### Exercise input

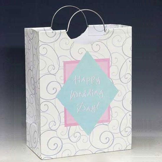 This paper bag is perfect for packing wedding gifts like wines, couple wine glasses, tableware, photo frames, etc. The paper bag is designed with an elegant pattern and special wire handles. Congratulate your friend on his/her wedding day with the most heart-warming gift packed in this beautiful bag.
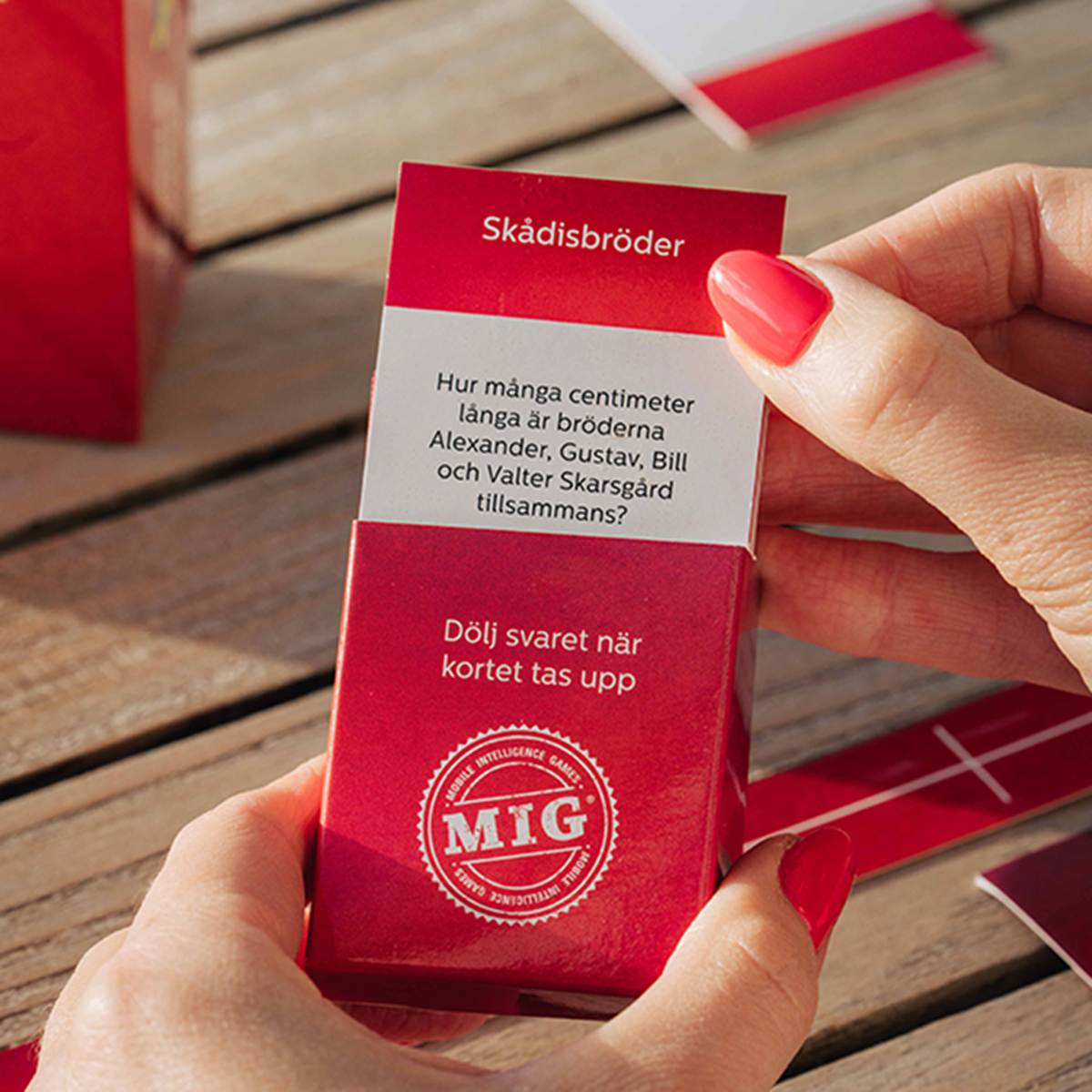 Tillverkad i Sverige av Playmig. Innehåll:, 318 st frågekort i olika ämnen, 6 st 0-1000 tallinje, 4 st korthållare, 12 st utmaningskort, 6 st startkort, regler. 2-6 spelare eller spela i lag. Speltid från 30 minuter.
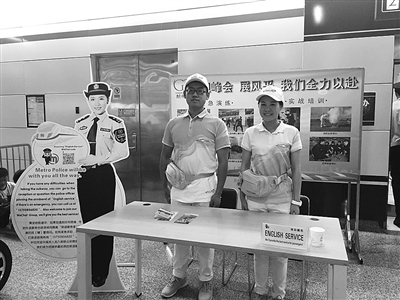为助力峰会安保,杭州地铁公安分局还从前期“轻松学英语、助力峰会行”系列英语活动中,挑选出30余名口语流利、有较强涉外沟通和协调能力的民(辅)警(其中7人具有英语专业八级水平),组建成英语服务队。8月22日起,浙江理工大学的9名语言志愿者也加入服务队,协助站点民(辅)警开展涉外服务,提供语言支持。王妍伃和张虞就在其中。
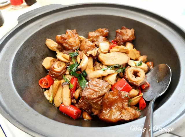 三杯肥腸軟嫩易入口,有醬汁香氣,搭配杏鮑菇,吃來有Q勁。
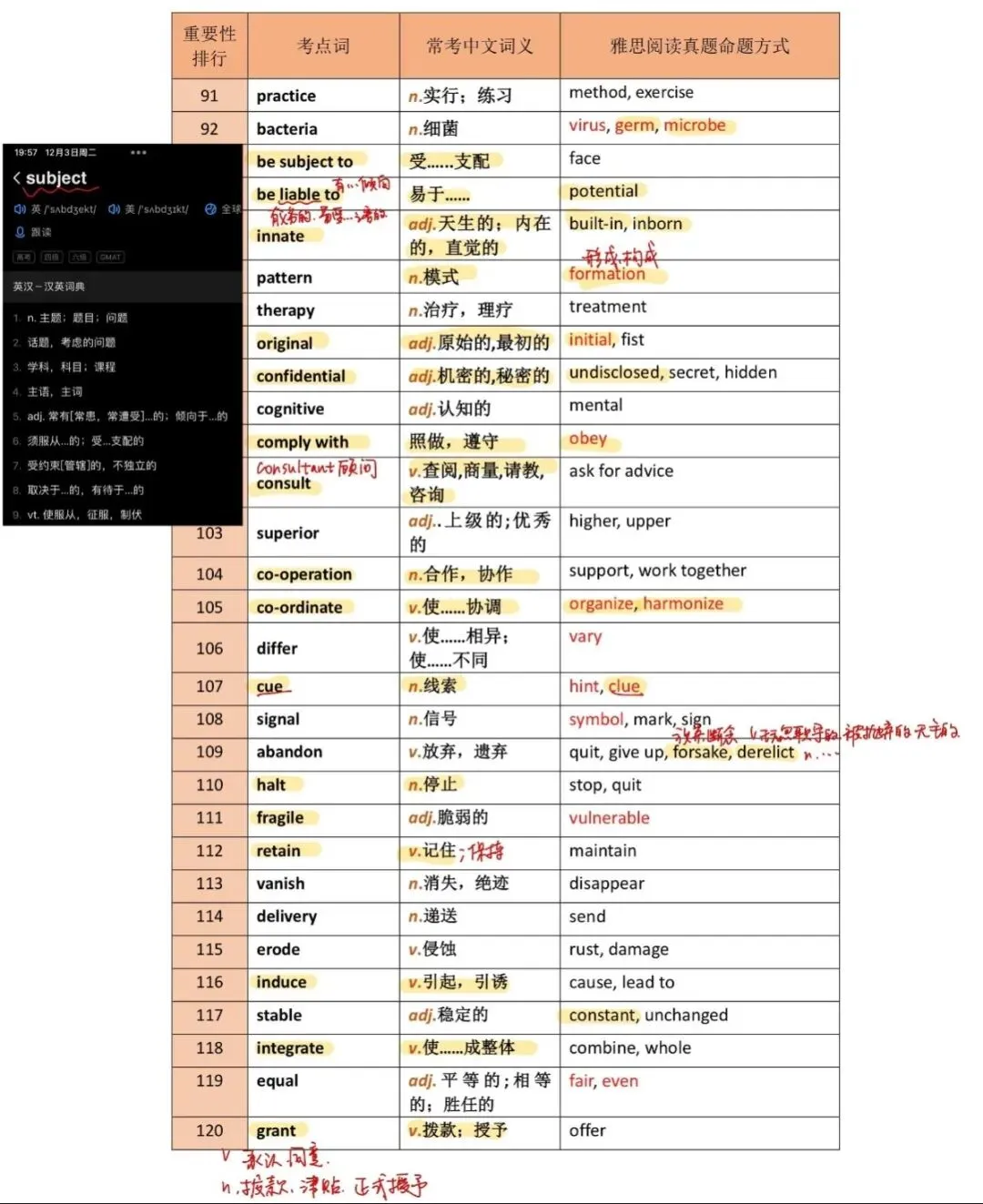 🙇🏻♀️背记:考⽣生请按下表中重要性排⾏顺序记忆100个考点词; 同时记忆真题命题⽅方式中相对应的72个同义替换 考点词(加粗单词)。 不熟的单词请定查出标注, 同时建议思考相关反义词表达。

######

Your copy of the data above should match it exactly, apart from the images.

 This paper bag is perfect for packing wedding gifts like wines, couple wine glasses, tableware, photo frames, etc. The paper bag is designed with an elegant pattern and special wire handles. Congratulate your friend on his/her wedding day with the most heart-warming gift packed in this beautiful bag.
 Tillverkad i Sverige av Playmig. Innehåll:, 318 st frågekort i olika ämnen, 6 st 0-1000 tallinje, 4 st korthållare, 12 st utmaningskort, 6 st startkort, regler. 2-6 spelare eller spela i lag. Speltid från 30 minuter.
为助力峰会安保,杭州地铁公安分局还从前期“轻松学英语、助力峰会行”系列英语活动中,挑选出30余名口语流利、有较强涉外沟通和协调能力的民(辅)警(其中7人具有英语专业八级水平),组建成英语服务队。8月22日起,浙江理工大学的9名语言志愿者也加入服务队,协助站点民(辅)警开展涉外服务,提供语言支持。王妍伃和张虞就在其中。
 三杯肥腸軟嫩易入口,有醬汁香氣,搭配杏鮑菇,吃來有Q勁。
 🙇🏻♀️背记:考⽣生请按下表中重要性排⾏顺序记忆100个考点词; 同时记忆真题命题⽅方式中相对应的72个同义替换 考点词(加粗单词)。 不熟的单词请定查出标注, 同时建议思考相关反义词表达。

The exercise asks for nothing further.